= Virtual internship =

A virtual internship is a work experience program where the participant (intern) gains experience while working in a remote professional setting and is not physically present at the job location.

Virtual interns communicate with their employer online through various means including email, Skype, WhatsApp, instant messaging, phone conversations, webinars, project management tools, SMS messaging, etc.

Virtual internships are undertaken by both students and graduates, usually some form of white-collar work, often within fields suitable to remote work such as information technology, media, creative arts, or public relations.

According to career experts, although virtual internships are currently rare, they are growing in popularity due to improving technology and the growth of social media. A rise has been reported in virtual internships — most of which are unpaid — especially from small ventures and start ups seeking additional help. Larger companies are also starting to explore offering these types of internships. They are presently most popular among small to midsize companies and online businesses.

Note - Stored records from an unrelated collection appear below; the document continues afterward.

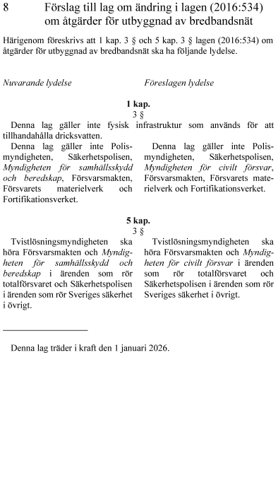 8. Riksdagen antar regeringens förslag till lag om ändring i lagen (2016:534) om åtgärder för utbyggnad av bredbandsnät.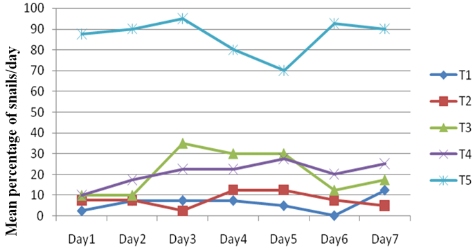 The percentage of snails at the snail zone (the percentage of snails not able to move across treatment barrier from Day 1-7) was significantly high in most treated containers than in the control containers Figure 2.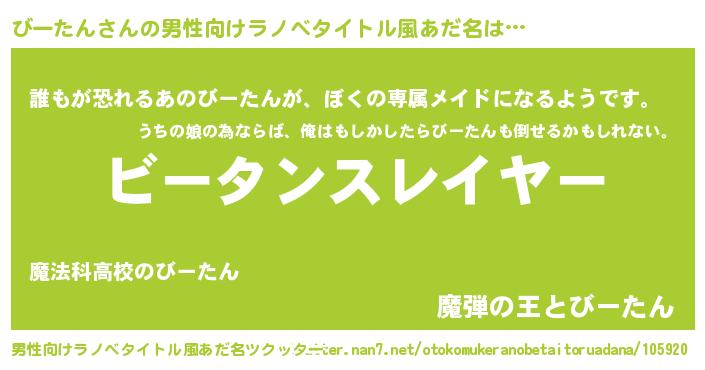 | 胡散臭い通販商品みたいなあだ名 | 『絶対に幸福をもたらす健康食品…その名も「びーたん」』 |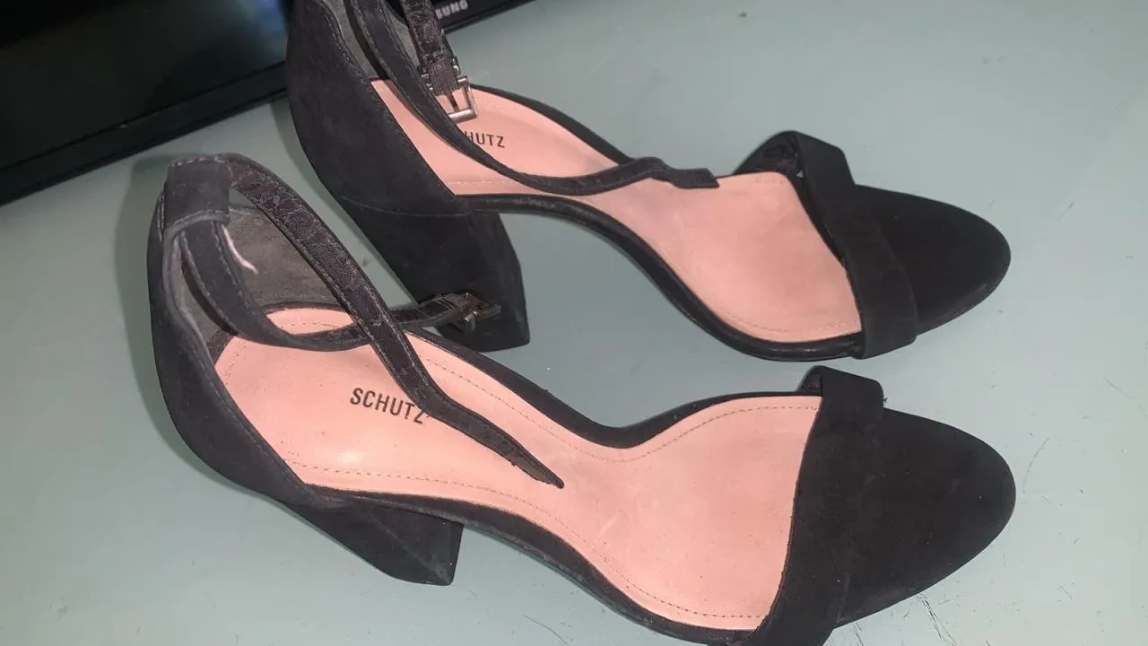 Sandália Schütz, um clássico que nunca sai de moda. O salto confere elegância e o design atemporal garante que você esteja sempre na moda.falta a virola, TAM 39

Virtual internships have been criticized for not providing the supervision and guidance that internships are meant to provide. Despite this, virtual or remote internships are a viable option amidst the COVID-19 pandemic, where travel options are limited. They may rival and sometimes exceed what traditional internships offer.

== Expertise ==

The most common virtual internships include information technology, software development, marketing, social media, research, writing, journalism, media, pre- and post-event planning, video creation and editing, human resources, graphic design, search engine optimization and marketing, non-profits and government internships, political internships, engineering internships, and public relations internships. Students who do internships online underestimate their contributions when employers rate them as valuable.

== Programs ==

=== Africa ===

The West African Academy of Public Health operates a virtual internship program with mentoring cascade for recent graduates interested in working in global health. The "WAAPH VIP" as it is called, engages youths in health information advocacy to expand their health information literacy, core leadership skills and community engagement capacity to work in public health issues.

=== North America ===

The United States Department of State operates the Virtual Student Foreign Service program. As of 2012, 343 virtual interns have worked with US diplomatic posts in 97 countries.

=== Europe ===

Preaсtum is the first company in Russia to do a virtual internship Currently, they have launched a program to train retail business managers for Otkritie FC Bank and an introduction to the various departments of Russian Post. Also, a virtual internship for Rosneft will be launched in 2021.